*Exercise prompt*
Take the entries that follow and return only the lines from the one with "Λεκάνη WC κομπλέ" through the final line, leaving every picture behind.

[Dataset entries]
-------------------------
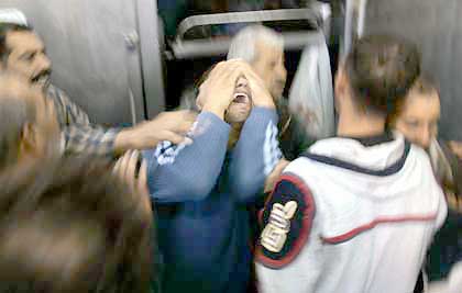 Mitglieder der Familie und schluchzen still vor sich hin. Ein Mann taucht seinen
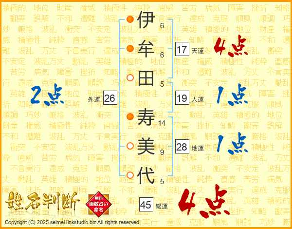 伊(6画)牟(6画)田(5画) 寿(14画)美(9画)代(5画)
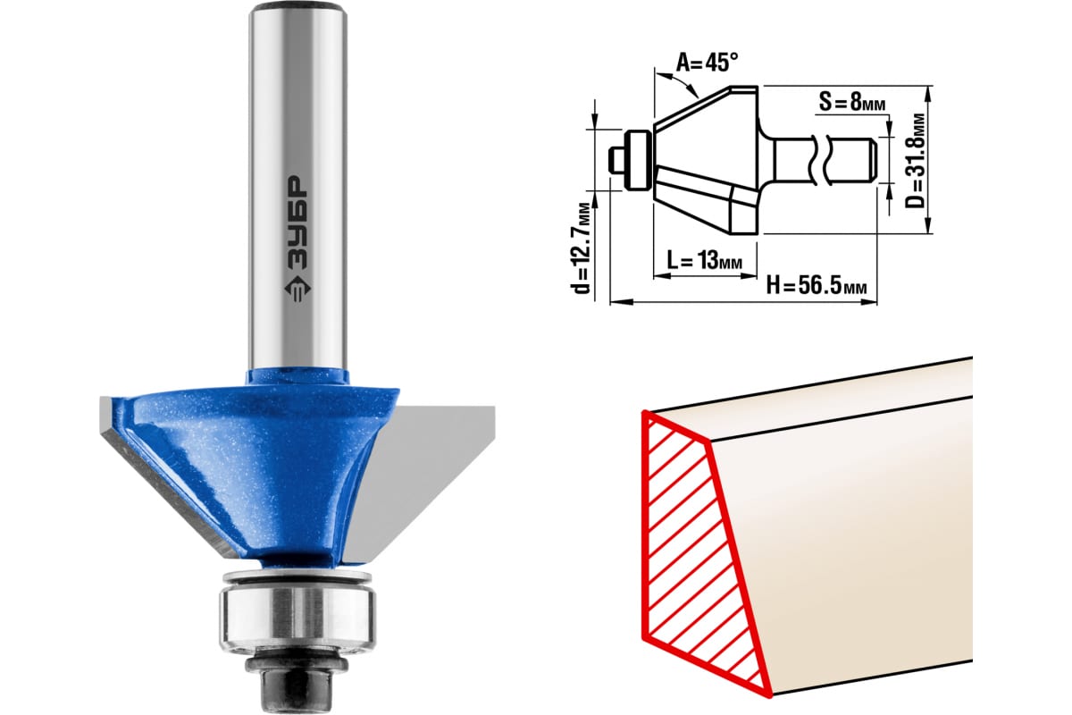 Фреза кромочная калевочная фасочная №9 ПРОФЕССИОНАЛ Зубр 28711-31.8 предназначена для фрезерных станков и ручных фрезеров. Применяется при обработке мебели, столярных изделий, предметов интерьера, а также реставрационных работах и внутренней отделке. Оснастка подходит для изготовления фаски с заданным углом на кромках деталей при работе с различными видами древесины. Диаметр подшипника – 12.7 мм.
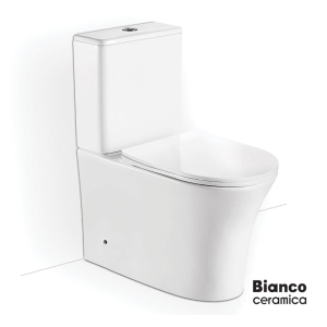 Λεκάνη WC κομπλέ Χαμηλής Πίεσης Back To Wall πίσω / κατωστόμια, πορσελάνη υψηλής ποιότητας, Bianco Ceramica συλλογή Eco Line σειρά NERO Rimless® NR 12000 SC Λευκό 62x41 h 82 cm, με κάλυμμα βακελίτη SLIM soft close (9600SC), καζανάκι πορσελάνης με μηχανισμό 3/6 lt. Άριστη ποιότητα που εξασφαλίζει την απαιτούμενη αντοχή και διαχρονικότητα.
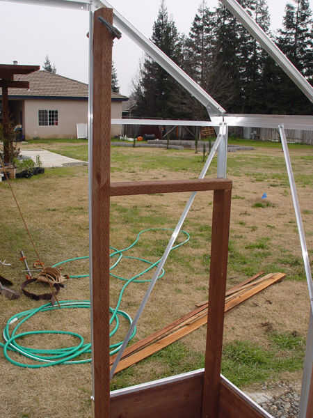 B) Añadir una 75" verticales de la puerta de correos y un banco horizontal. Entonces, usando el material de 2 x 4, construya el soporte del Banco/estante central y un apoyo similar en el extremo opuesto del invernadero en el alto y ancho que desee para sus estantes. Mi estante superior es 48" sobre el piso y 24" de ancho, pero se pueden construir para satisfacer sus propias necesidades.
-------------------------
*Solution*
 Λεκάνη WC κομπλέ Χαμηλής Πίεσης Back To Wall πίσω / κατωστόμια, πορσελάνη υψηλής ποιότητας, Bianco Ceramica συλλογή Eco Line σειρά NERO Rimless® NR 12000 SC Λευκό 62x41 h 82 cm, με κάλυμμα βακελίτη SLIM soft close (9600SC), καζανάκι πορσελάνης με μηχανισμό 3/6 lt. Άριστη ποιότητα που εξασφαλίζει την απαιτούμενη αντοχή και διαχρονικότητα.
 B) Añadir una 75" verticales de la puerta de correos y un banco horizontal. Entonces, usando el material de 2 x 4, construya el soporte del Banco/estante central y un apoyo similar en el extremo opuesto del invernadero en el alto y ancho que desee para sus estantes. Mi estante superior es 48" sobre el piso y 24" de ancho, pero se pueden construir para satisfacer sus propias necesidades.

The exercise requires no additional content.